“姑娘不妨說說,怎麼個定法?”
“您這兒可有紙筆?我現在就寫給你。”
虞三娘看陶鏡楊是如此的信誓旦旦,此時也來了興趣。
招呼了屋內的小二照顧前廳後,便將陶鏡楊引到了後廳。
陶鏡楊拿起紙筆,在紙上設計起了她想做的款式。
虞三娘左看看又看看,道:“姑娘設計的,可是‘占風鐸’?”
“店家好眼力,正是。”
“樣式看著倒是從未見過的新奇精巧,不過應當是可以燒製出來。”
老板娘盯著紙上的設計嘖嘖稱奇。
這還沒完,陶鏡楊又拿了一張紙,寫起了燒製特殊顏色的釉色方子。
「在燒製琉璃的基礎上,青色,以銅為著色劑,需焇五斤,馬牙石五斤,鉛末五斤,蘇嘛呢青四兩,紫英石三兩;
金紅色,則需在琉璃燒製過程中,加入黃金作為著色劑......】
林林總總一長串,涵蓋了燒製琉璃的所有步驟。
外行人可能看不出什麼門當,但虞三娘可是妥妥的內行人。
她一打眼就知道,按照這個步驟燒製出來的東西,不說絕世,也定是品相極好的。
就這不到一炷香的功夫,寫出來的東西,絕夠另開一家燒製琉璃的鋪子了。
【按理說,這樣的東西應當是......用以傳家的絕密才是,怎麼就這樣簡單的將它寫出來......】
虞三娘看著陶鏡楊的年歲不算大,好心的提醒了她一句:
“姑娘,你有這樣好的配方,就應當好好收著,不該寫出來被旁的人看到的。
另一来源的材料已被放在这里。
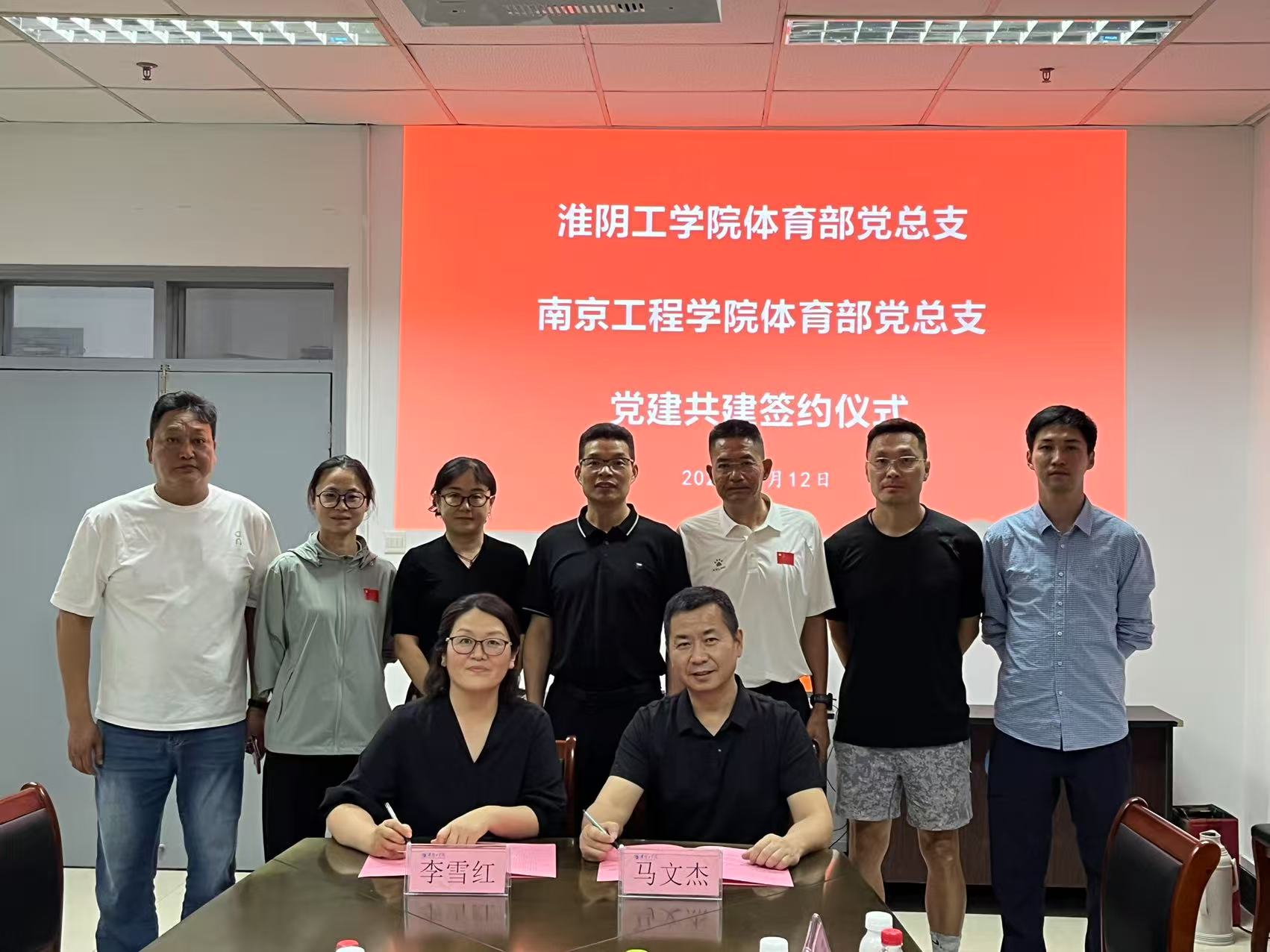 在淮阴工学院,体育部党总支副书记、主任马文杰一行受到了淮阴工学院体育部党总支副书记、主任王冬的热情接待。双方签署党建共建协议,就党建工作与体育教学、训练、竞赛等主责主业的融合发展进行了深入交流,并探讨了未来进一步合作的可能性。

”
陶鏡楊恰好寫完,拿圓扇給未幹的紙張扇著風,凝視不移,道:
“無妨,我不靠這個賺錢。”
見紙張已幹,她便收了扇風的手。
轉頭,目光對視上虞三娘的視線,笑吟吟道:
“也不知怎麼,總覺得看你有緣。你若是能燒的出來,這方法便送你了。”
虞三娘被說的一愣,不是,這就送我了??
其實,陶鏡楊今日也覺得自己有些奇怪,走進這鋪子時,就覺得有種莫名熟悉的感覺。
也許真的是有緣吧,左右也就是個燒窯的配方,送她也算是結個善緣。
這如同天上掉餡餅般的事情,虞三娘在這世上活了二十多年,還是頭一回遇到。
一時高興的有些暈頭轉向,陶鏡楊一個沒看住,就想要到錢莊去拿銀子給陶鏡楊。
同時,還向店內的小二招呼道:
“去最好的酒樓訂個位子,就說今日我虞三娘要宴請貴客!”
話音未閉,便被陶鏡楊迅速打斷:
“老板,不必不必,真的不必。
我這兒待會兒還有些事兒要做,有些著急走,就不弄那些麻煩事兒了。”
李承澤就要下朝回府了,看不到我一定會傷心的。
虞三娘見她著急的表情不似作假,不好再硬將人留下,隻得作罷。
“瞧我這忙的,還不曾問過姑娘貴姓呢?還有,東西燒好後,我們應該送哪兒去?”
“免貴姓陶,燒好後送二皇子府上就行。”
【虞三娘】:二......二皇子?這姑娘又姓陶?
她一時木在了那兒,陶鏡楊便趁著這時候溜了出去。
虞三娘追出門衝陶鏡楊喊了一句:“姑娘,燒製可能得用些時日,莫要著急!”
陶鏡楊沒有回頭,伸出手,舉向天,擺了擺。